__REQUIRED WORK__
Up to and including the line with "خادمان ایستگاه های", write out the listing from its first line, minus the pictures.

*** Begin section ***

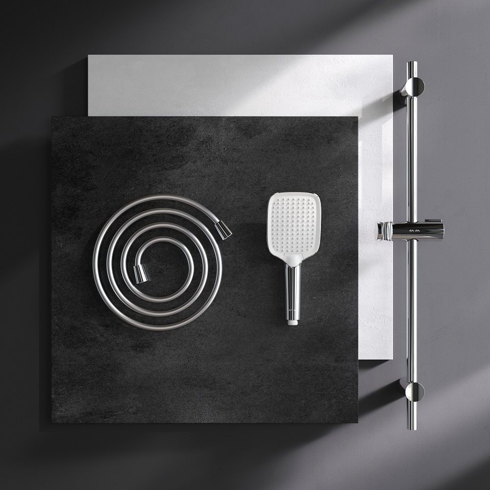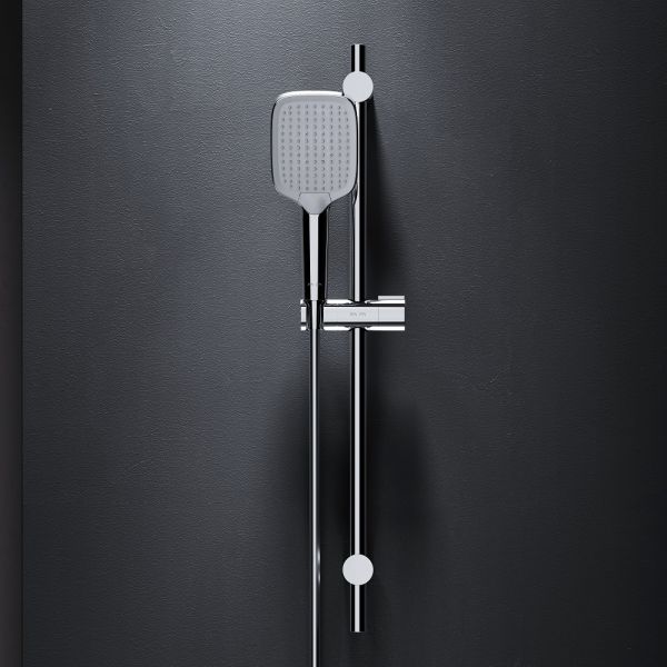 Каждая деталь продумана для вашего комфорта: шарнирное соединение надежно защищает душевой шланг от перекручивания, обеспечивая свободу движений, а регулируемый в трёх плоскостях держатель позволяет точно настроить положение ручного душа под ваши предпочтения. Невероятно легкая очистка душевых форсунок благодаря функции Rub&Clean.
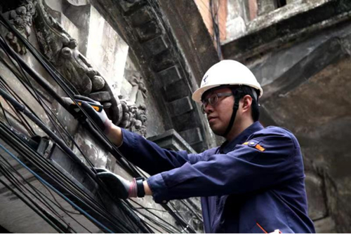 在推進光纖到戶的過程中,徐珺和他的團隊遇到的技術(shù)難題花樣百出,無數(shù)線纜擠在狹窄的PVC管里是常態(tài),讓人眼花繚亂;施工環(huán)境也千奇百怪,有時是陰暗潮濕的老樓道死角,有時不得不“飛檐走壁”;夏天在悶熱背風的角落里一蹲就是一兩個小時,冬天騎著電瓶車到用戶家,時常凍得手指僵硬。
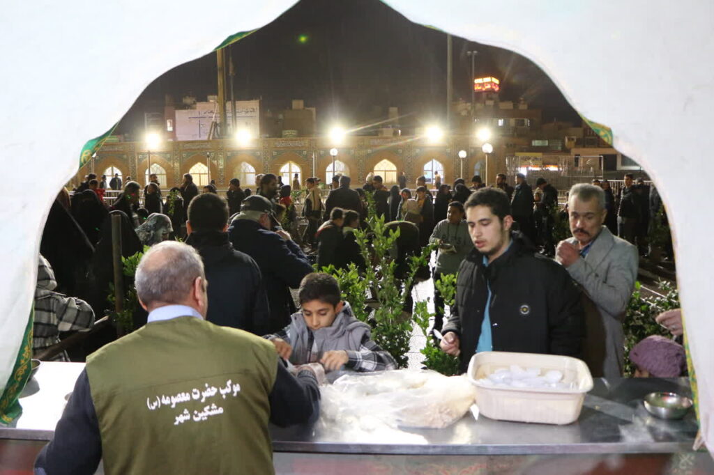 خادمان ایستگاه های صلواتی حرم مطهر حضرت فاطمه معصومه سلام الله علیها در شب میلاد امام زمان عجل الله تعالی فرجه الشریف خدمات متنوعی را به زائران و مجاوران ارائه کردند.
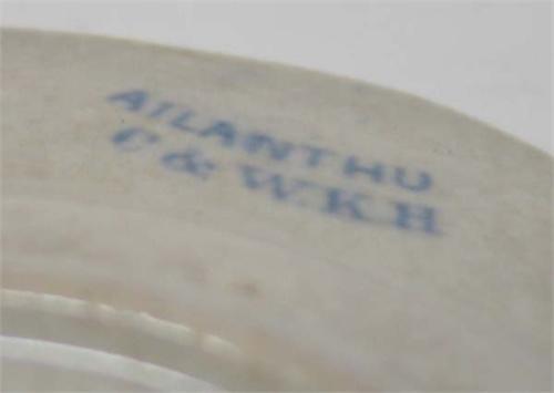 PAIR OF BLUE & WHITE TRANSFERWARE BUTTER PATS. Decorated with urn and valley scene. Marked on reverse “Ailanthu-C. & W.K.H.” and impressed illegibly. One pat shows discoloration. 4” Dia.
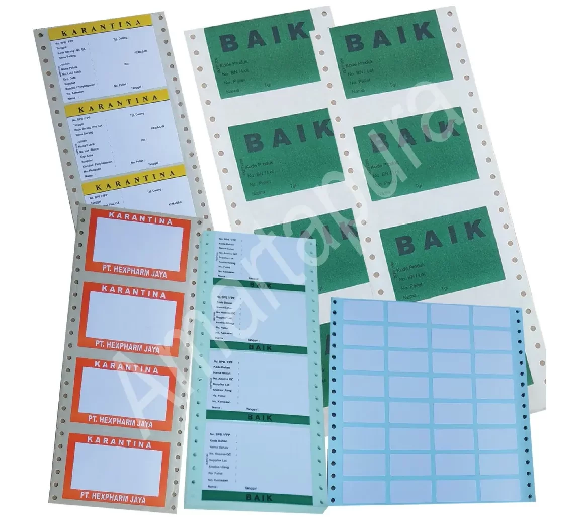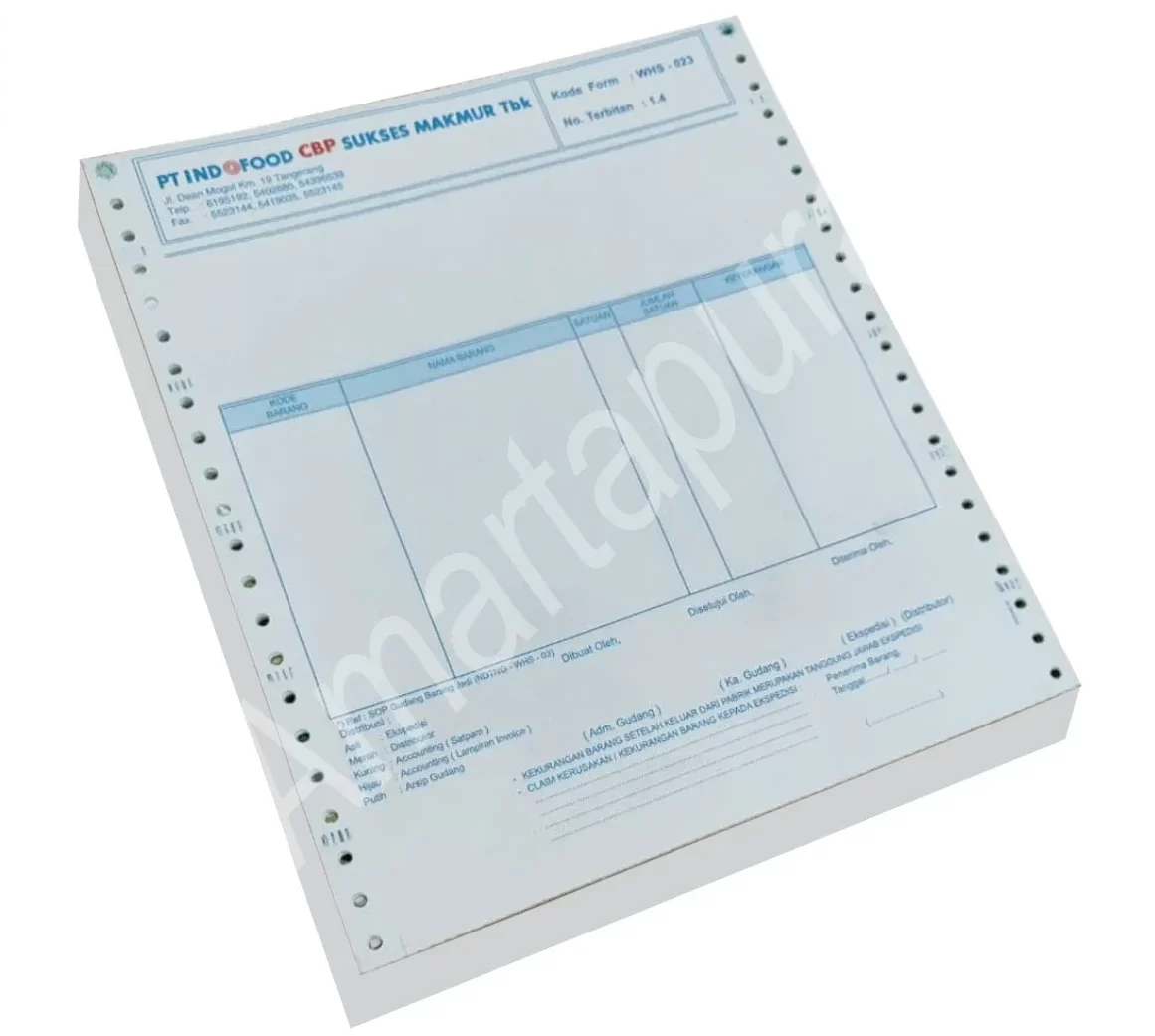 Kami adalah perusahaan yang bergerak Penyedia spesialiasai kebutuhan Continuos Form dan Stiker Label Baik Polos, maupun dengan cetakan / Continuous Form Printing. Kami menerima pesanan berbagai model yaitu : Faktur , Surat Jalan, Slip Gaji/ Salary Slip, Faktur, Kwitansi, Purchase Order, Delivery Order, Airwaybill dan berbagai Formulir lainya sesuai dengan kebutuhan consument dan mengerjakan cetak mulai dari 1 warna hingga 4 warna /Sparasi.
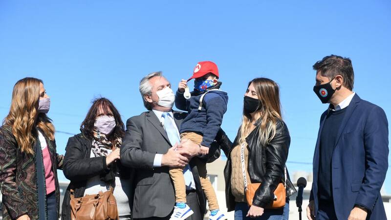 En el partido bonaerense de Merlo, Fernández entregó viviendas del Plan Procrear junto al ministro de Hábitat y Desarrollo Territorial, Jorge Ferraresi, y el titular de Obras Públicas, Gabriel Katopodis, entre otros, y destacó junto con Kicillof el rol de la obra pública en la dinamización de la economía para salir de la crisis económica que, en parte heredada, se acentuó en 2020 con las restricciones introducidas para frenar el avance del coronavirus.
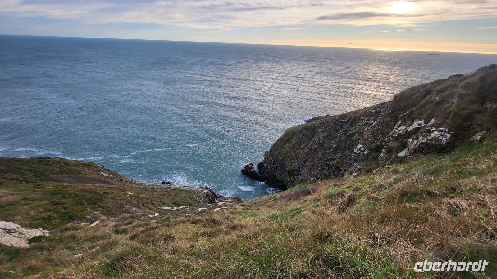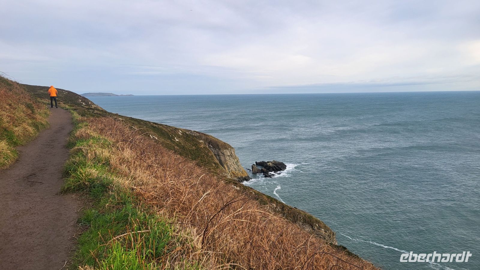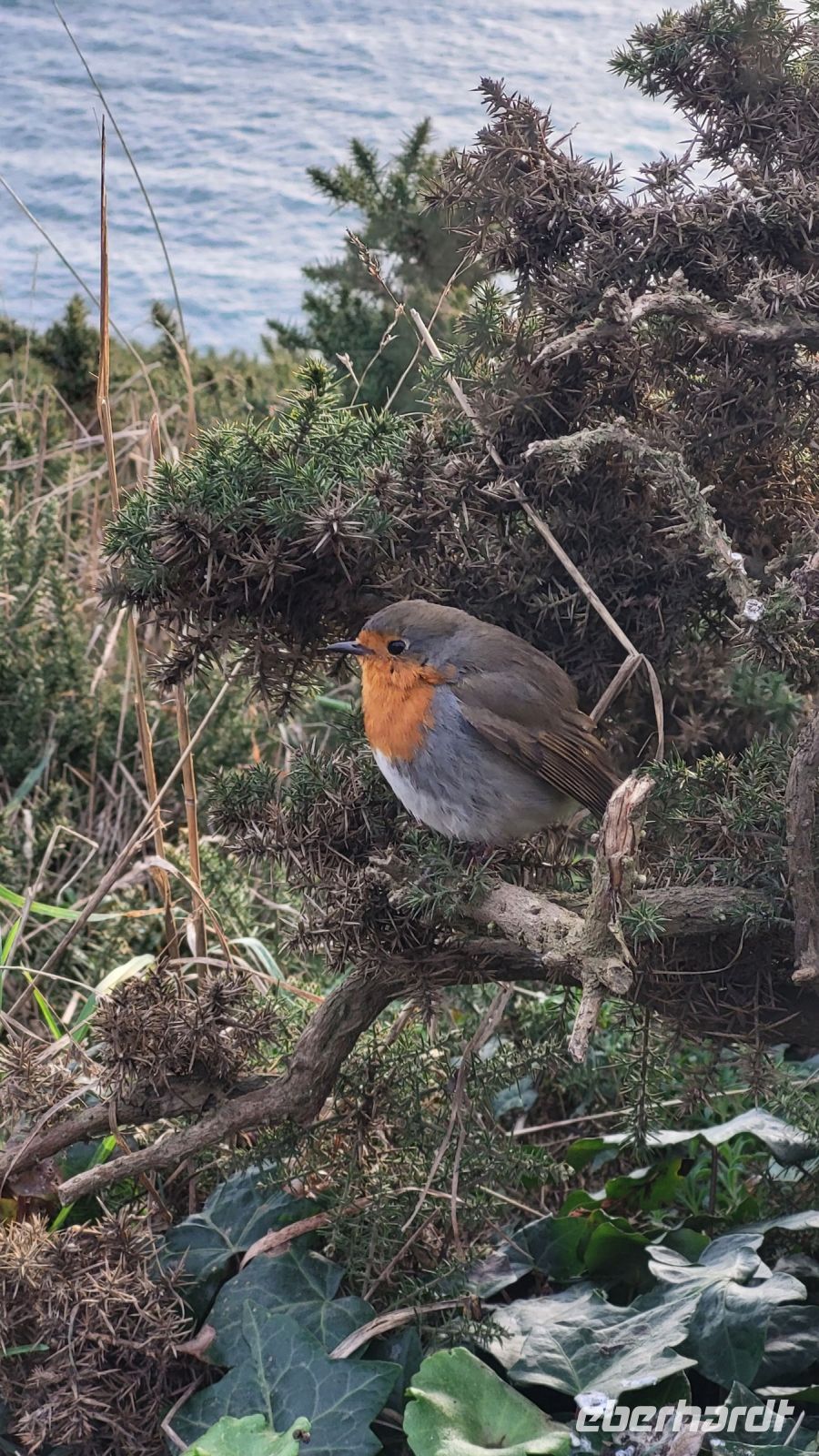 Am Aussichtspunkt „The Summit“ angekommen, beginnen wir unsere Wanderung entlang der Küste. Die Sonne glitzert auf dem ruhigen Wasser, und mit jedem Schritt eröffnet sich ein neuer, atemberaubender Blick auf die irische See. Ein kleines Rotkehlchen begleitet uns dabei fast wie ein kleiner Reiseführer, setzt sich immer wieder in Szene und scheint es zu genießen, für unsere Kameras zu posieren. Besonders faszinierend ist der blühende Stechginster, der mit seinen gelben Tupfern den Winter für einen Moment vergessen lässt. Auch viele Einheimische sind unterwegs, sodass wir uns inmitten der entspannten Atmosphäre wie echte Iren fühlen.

*** End section ***

__RESULT BELOW__
 Каждая деталь продумана для вашего комфорта: шарнирное соединение надежно защищает душевой шланг от перекручивания, обеспечивая свободу движений, а регулируемый в трёх плоскостях держатель позволяет точно настроить положение ручного душа под ваши предпочтения. Невероятно легкая очистка душевых форсунок благодаря функции Rub&Clean.
 在推進光纖到戶的過程中,徐珺和他的團隊遇到的技術(shù)難題花樣百出,無數(shù)線纜擠在狹窄的PVC管里是常態(tài),讓人眼花繚亂;施工環(huán)境也千奇百怪,有時是陰暗潮濕的老樓道死角,有時不得不“飛檐走壁”;夏天在悶熱背風的角落里一蹲就是一兩個小時,冬天騎著電瓶車到用戶家,時常凍得手指僵硬。
 خادمان ایستگاه های صلواتی حرم مطهر حضرت فاطمه معصومه سلام الله علیها در شب میلاد امام زمان عجل الله تعالی فرجه الشریف خدمات متنوعی را به زائران و مجاوران ارائه کردند.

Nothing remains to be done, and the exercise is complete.